Histologic evaluation at 6 months of undecalcified samples in a sheep treated with the biomimetic scaffold alone showed the presence of a newly formed repair tissue and a good integration of scaffolds with host cartilage. The presence of newly formed hyaline-like tissue, with a strong proteoglycan staining and columnar rearrangement of chondrocytes, and an underlying well-structured subchondral trabecular bone, distinguishable from the healthy adjacent bone, was noted. Staining with Safranin-O/Fast Green/Toluidine blue (a ×1 magnification, b ×1.25 magnification, c ×10 magnification)
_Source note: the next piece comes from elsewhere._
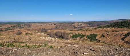 Figura 2. Paisaje forestal tras diferentes eventos de tala rasa y eliminación de árboles quemados en Cauquenes, donde se puede apreciar la erosión del suelo. Cordillera de la Costa, Región del Maule, abril de 2017. Fotografía de Susana Gómez-González.

Considering that the result was obtained also using the cell-free scaffold, it is likely that mesenchymal precursor cells resident in the subchondral bone mediated this process and recruited within the material. These findings would thus be consistent with previously proposed concepts [2] and a recent study advocating the relevant contribution of mesenchymal stem cells attracted from the bone marrow towards autologous matrix-induced chondrogenesis [4].

This procedure produced good results, both in terms of clinical outcome and MRI findings. The patient was able to return to a satisfactory functional level. We conclude that this scaffold may represent a valid therapeutic option in case of large osteochondral lesions.